Дарту не доводилось видеть зрелища прекраснее. Голем стоял перед ним, закрывая половину неба. В его тени было прохладно, безопасно и даже не хотелось пить.
– Тысяча чертей! – пробормотал он, с трудом шевеля пересохшими губами. – Ты надежно спрятался, мон шер ами! Клянусь своим глазом, еще не выцарапанным широй!
– Спрятался надежно, капитан, – подтвердил Голем гулким басом. – В темный период в данной местности сильные дожди. Бывают обвалы. – Он смолк, переступил передними ногами, словно застоявшийся жеребец, и поинтересовался: – Какие будут приказы, шевалье?
– Холм видишь? Холм с камнями – там, на равнине? Холм, а вокруг несколько тысяч лысых парней, враждебно настроенных, но вполне разумных? Так вот, убивать их нельзя, надо отогнать… Думаю, если ты выпустишь десять-двадцать импульсов, будет достаточно. Импульсы небольшой мощности, и целься по всему периметру холма, перед их шеренгами. Все понял?
– Не все, мой лорд. – Плечо Голема раскрылось, и над ним поднялся ствол малого дисперсора. – Прошу сагиба уточнить: требуется десять импульсов или двадцать?
– Пали на всю катушку, – посоветовал Дарт.
Глава 18
Лицо Нерис было бледным. Даже не бледным, а серым, так что раят на виске почти сливался с кожей. Под ее глазами залегли тени, губы пересохли, нос заострился и над переносьем пролегла глубокая морщина; она казалась сейчас похожей на сорванный и уже поблекший цветок. И голос ее был таким же-не звонким и повелительным, а тусклым, как старое зеркало с осыпавшейся амальгамой.
– Я больше не могу… Их двадцать восемь, и у половины задеты внутренности или раздроблены кости… Тут и три ширы не справятся!

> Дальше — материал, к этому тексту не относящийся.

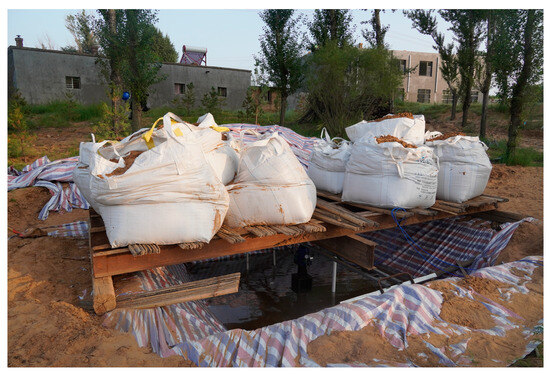In this test, the aeolian sand layer was used as the test layer, which was 1.5 m below the surface, as well as the bottom of the test pit, which was square and 3.0 m (length) × 3.0 m (width) × 1.5 m (height). The pressure-bearing plate was circular, with an area of 0.5 m2. The test loading adopted the loading counterforce method, the loading mode was the conventional slow method, and the loading was divided into eight levels. In order to monitor the effective penetration depth, three volume moisture sensors were arranged at the bottom of the test pit, 0.5 m away from the pit wall, and were located at 1 m, 2 m, and 3 m underground, respectively. The basis for soil saturation was that, if the value of the moisture sensor remains unchanged under the condition of continuous immersion, the soil is considered to be saturated. Figure 3a is a schematic diagram of a cross-section of the in situ water immersion load test pit, Figure 3b is a schematic diagram of the layout of the moisture sensor, and Figure 4 shows a photograph of the in situ water immersion load test.
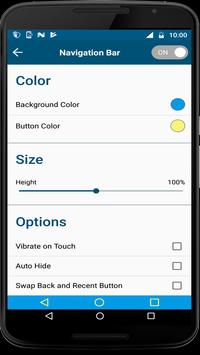 Navigation control bar offers the back button, home button and recents button along with an added button to move the navigation bar animation to the area of screen where you want it. You can also navigation bar changer root and navigation bar color changer.

Речь шла о раненых. После того как тьяни отступили, устрашенные молниями, пограничники поднялись к перевалу, и те из них, кто еще держался на ногах, занялись устройством лагеря. Место выбрали не на сожженной земле у дыры, а за скалой-трезубцем, в уцелевшем лесу, где нашлось озерцо, а также мягкий мох, кора и вдоволь сучьев и ветвей, необходимых для навесов. Кроме воды был сок во флягах, но ничего питательного – в здешних лесах деревья не плодоносили, а весь запас продовольствия достался чешуйчатым вместе с четверкой бхо. Но главной утратой являлись скафандр Дарта с целителем- прилипалой и мешок ширы с лечебными снадобьями. Порезы, царапины, синяки и треснувшие ребра Нерис врачевала наложением рук либо с помощью Броката, но у тринадцати пострадавших, которых с рудом затащили на перевал, дела были плохи: ранения живота, открытые переломы, травмы черепа, а также дротики, застрявшие под сердцем. Двум-трем она могла помочь, но не чертовой дюжине; шира – тоже человек, и мощь ее не беспредельна.

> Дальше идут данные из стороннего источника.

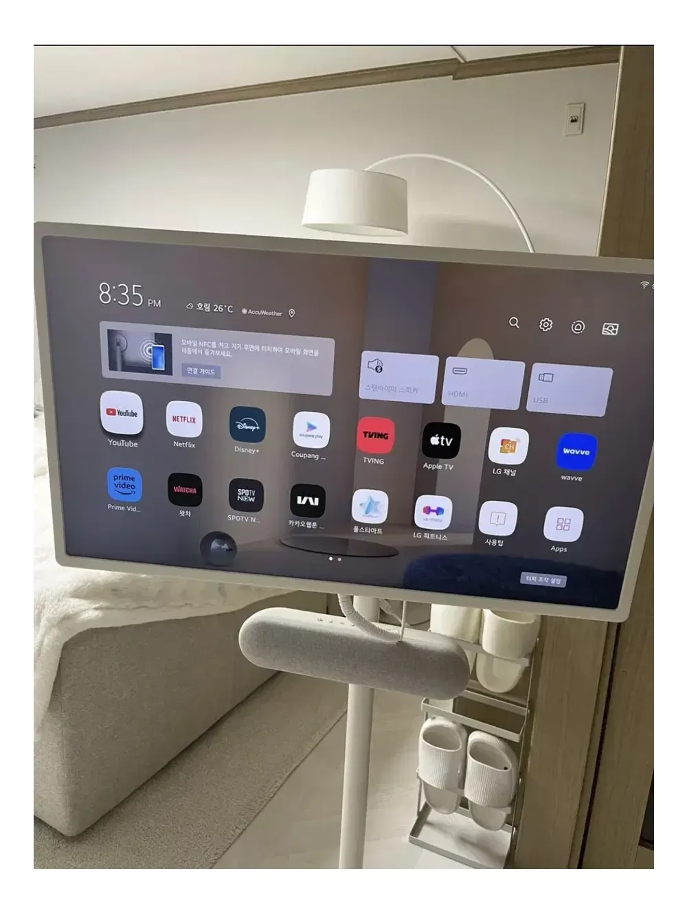 2024년 3월에 배송받고 이사문제로 하여 쓰는건 5월부터 썻어요 설치되어있는거라 직접 가지러 오셔야해요 경기도 안양이며 직접 가지러 오시면 기름값이랑 해서 네고 가능합니다 세워두고 사용은 많이 안했어요 작동하는데 문제 아예 없고 충전선은 항상 연결해서 사용했어용 5번째 사진 보시면 스피커에 뭐 묻어있는데 물티슈나 클리너도 지우시면 충분히 지워질 것 같아요 스탠바이미랑 스피커 둘다 인터넷 최저가 검색해보고 가격 감안해서 내놓습니당 박스를 제외한 모든 구성품 다 있어요 *참고로 스피커는 설치 후 따로 한번도 떼낸적 없어요!

Ренхо и его помощник Храс, светловолосый мужчина средних лет, командир одной из полусотен, сосредоточенно хмурились, бросая взгляды то на своих людей, мастеривших навесы, то на равнину, где в клубах пыли маршировали колонны врагов. Видимо, тьяни не собирались уходить и, по наблюдениям Дарта, занимали сейчас проходы в горах, обзорные высоты и остальные стратегические позиции. Большая группа расположилась на холме, покинутом стражами, и к этому месту пригнали бхо – он видел их темные туши среди камней, с наваленным на платформах грузом. Груз, кажется, не пострадал.
– Зеленое время, – устало промолвила Нерис, взглянув на свой джелфейр. – Мне нужен мой мешок, нужен бальзам из мякоти погребальных орехов, нужны сухие травы фах и зун, нужна мазь из корня хрза, чтобы прижечь раны, и нужен мой прозрачный камень. Если я этого не получу, двое не доживут до красного времени.
– Сагга и Омис, – с хмурым видом уточнил Храс. – У одного распорот живот, а у другого торчит под лопаткой дротик.
На лице Ренхо изобразилось уныние. Сейчас было особенно заметно, как он неопытен и молод; похоже, пробился в командиры благодаря отцу-старейшине, чем подтвердил известный Дарту тезис: протекция решает все, даже в далеких галактических мирах. Сам бы он поставил капитаном Храса – тот казался мрачноватым, зато был решителен и тверд.
– Да будет милостив Предвечный к Сагге и Омису, – вымолвил сын Сити, искоса поглядывая на Дарта. – И пусть скорее избавит их от мучений пошлет вторую жизнь в своих чертогах… На что еще нам надеяться, если шира бессильна?
Дарт хмыкнул, потом ласково погладил руку Нерис. Женщина ответила ему благодарным взглядом.
– Она не бессильна, она умеет делать такие веши, какие тебе и не снились, Ренхо. Немного утомилась и нуждается в своих снадобьях, вот и все… Может быть, стоит послать Броката? Пусть полетает, поищет что-нибудь подходящее… скажем, целительный цветок.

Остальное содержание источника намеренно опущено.